* **Task to carry out**: Every line from the line containing "Poiché le mini" through the end of the data is to be reproduced exactly, excluding pictures.

* **Exercise data**:
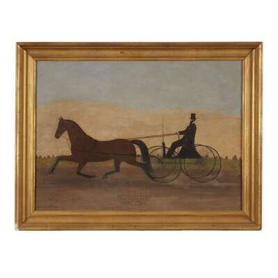 American School 19th century Horse and sulky rider
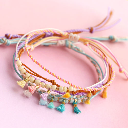 Poiché le mini nappine sono molto piccole, per creare dei bracciali è opportuno usare anche del materiale infilaperle. Scegli, ad esempio, la coda di topo o una catena a rolò sottile. Crea bracciali doppi con la coda di topo in 2 colori e combina le nappine con perline in metallo DQ e perline rocailles. Le nappine sono perfette anche con orecchini a cerchio a cui puoi fissarle con un anellino apribile.
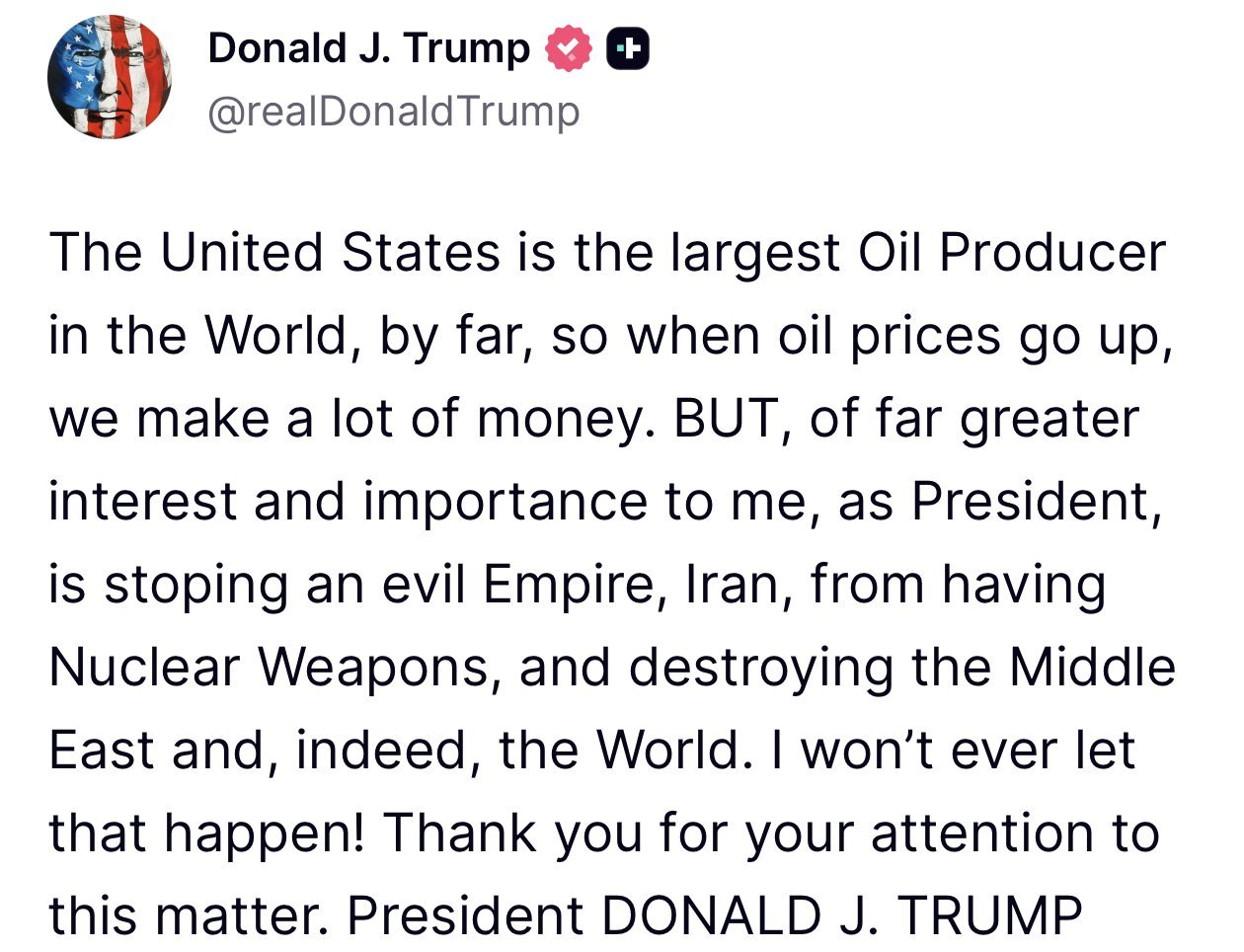 «PERO hay algo mucho más importante para mí, como presidente: impedir que un imperio malvado, Irán, tenga armas nucleares y destruya Oriente Medio y, de hecho, el mundo. ¡Nunca permitiré que eso ocurra!», advirtió el magnate neoyorquino.

* **Task output**:
 Poiché le mini nappine sono molto piccole, per creare dei bracciali è opportuno usare anche del materiale infilaperle. Scegli, ad esempio, la coda di topo o una catena a rolò sottile. Crea bracciali doppi con la coda di topo in 2 colori e combina le nappine con perline in metallo DQ e perline rocailles. Le nappine sono perfette anche con orecchini a cerchio a cui puoi fissarle con un anellino apribile.
 «PERO hay algo mucho más importante para mí, como presidente: impedir que un imperio malvado, Irán, tenga armas nucleares y destruya Oriente Medio y, de hecho, el mundo. ¡Nunca permitiré que eso ocurra!», advirtió el magnate neoyorquino.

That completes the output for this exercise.